### EXERCISE GOAL
In the listing below, find the line with "Серия подвесных раковин" and copy every line from there up to and including the line with "こんばんは!私の柱サボテン 一昨年初めて", exactly and without pictures.

### DATA TO EXAMINE
^^^^
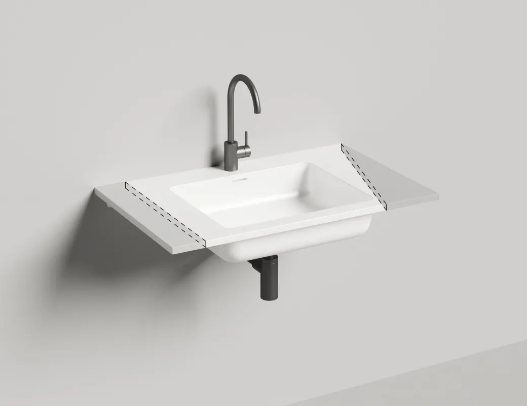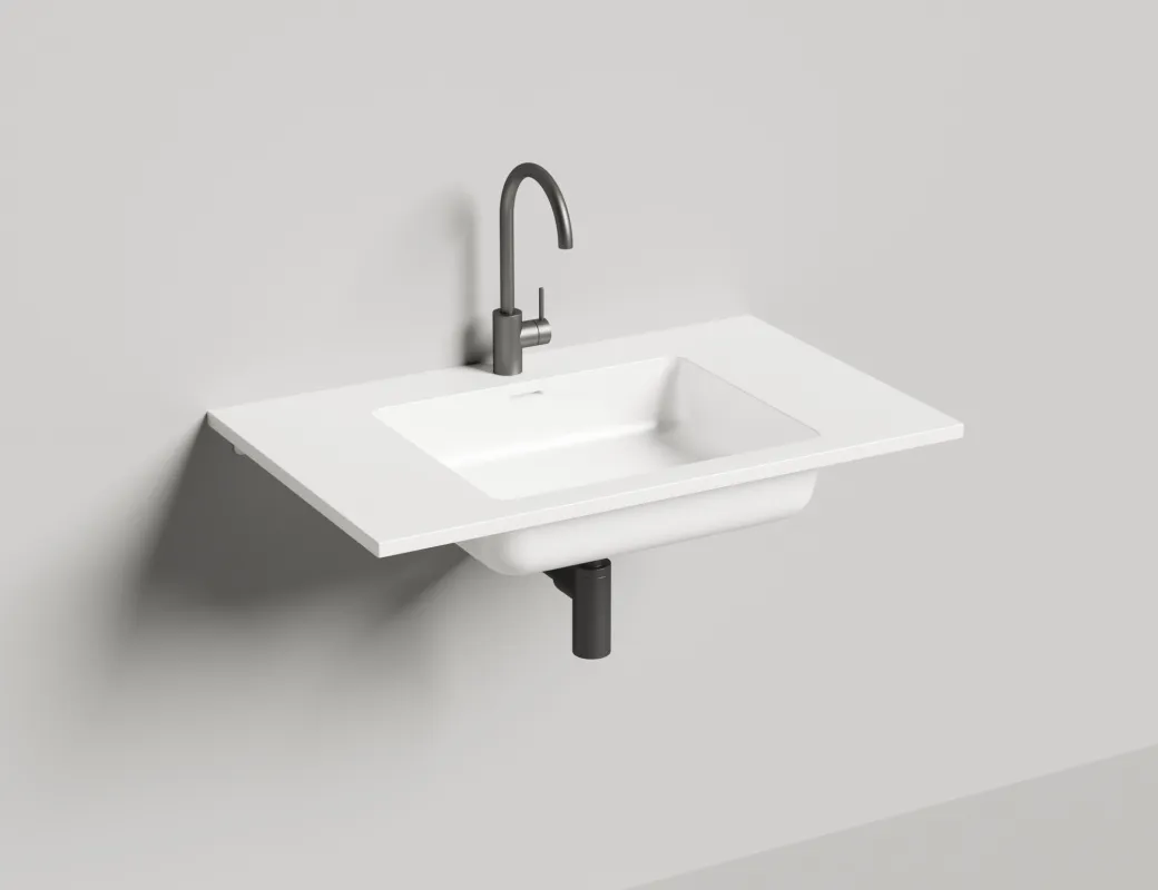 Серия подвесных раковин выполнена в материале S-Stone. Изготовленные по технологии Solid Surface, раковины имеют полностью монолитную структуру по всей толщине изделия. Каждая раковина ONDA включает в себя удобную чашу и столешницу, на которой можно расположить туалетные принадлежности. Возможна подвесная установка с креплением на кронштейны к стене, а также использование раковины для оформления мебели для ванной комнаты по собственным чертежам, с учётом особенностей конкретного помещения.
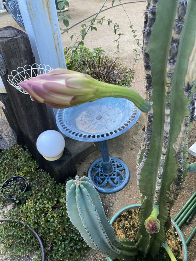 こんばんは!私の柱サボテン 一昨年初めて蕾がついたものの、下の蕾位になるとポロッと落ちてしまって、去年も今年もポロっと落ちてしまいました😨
^^^^
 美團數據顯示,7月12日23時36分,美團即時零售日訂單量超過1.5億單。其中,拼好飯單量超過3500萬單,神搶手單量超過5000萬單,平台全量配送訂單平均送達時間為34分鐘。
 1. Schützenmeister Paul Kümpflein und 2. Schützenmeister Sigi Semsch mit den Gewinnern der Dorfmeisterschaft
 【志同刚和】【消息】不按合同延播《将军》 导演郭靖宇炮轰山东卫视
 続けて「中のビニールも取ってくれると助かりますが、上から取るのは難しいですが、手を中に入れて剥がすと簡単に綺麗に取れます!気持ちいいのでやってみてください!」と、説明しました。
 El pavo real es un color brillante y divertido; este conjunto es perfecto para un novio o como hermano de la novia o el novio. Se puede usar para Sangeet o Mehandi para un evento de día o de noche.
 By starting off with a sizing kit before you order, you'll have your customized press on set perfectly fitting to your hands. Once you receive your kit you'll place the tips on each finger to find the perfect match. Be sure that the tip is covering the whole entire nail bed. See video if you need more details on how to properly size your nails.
^^^^
### WRITTEN REPLY
 Серия подвесных раковин выполнена в материале S-Stone. Изготовленные по технологии Solid Surface, раковины имеют полностью монолитную структуру по всей толщине изделия. Каждая раковина ONDA включает в себя удобную чашу и столешницу, на которой можно расположить туалетные принадлежности. Возможна подвесная установка с креплением на кронштейны к стене, а также использование раковины для оформления мебели для ванной комнаты по собственным чертежам, с учётом особенностей конкретного помещения.
 こんばんは!私の柱サボテン 一昨年初めて蕾がついたものの、下の蕾位になるとポロッと落ちてしまって、去年も今年もポロっと落ちてしまいました😨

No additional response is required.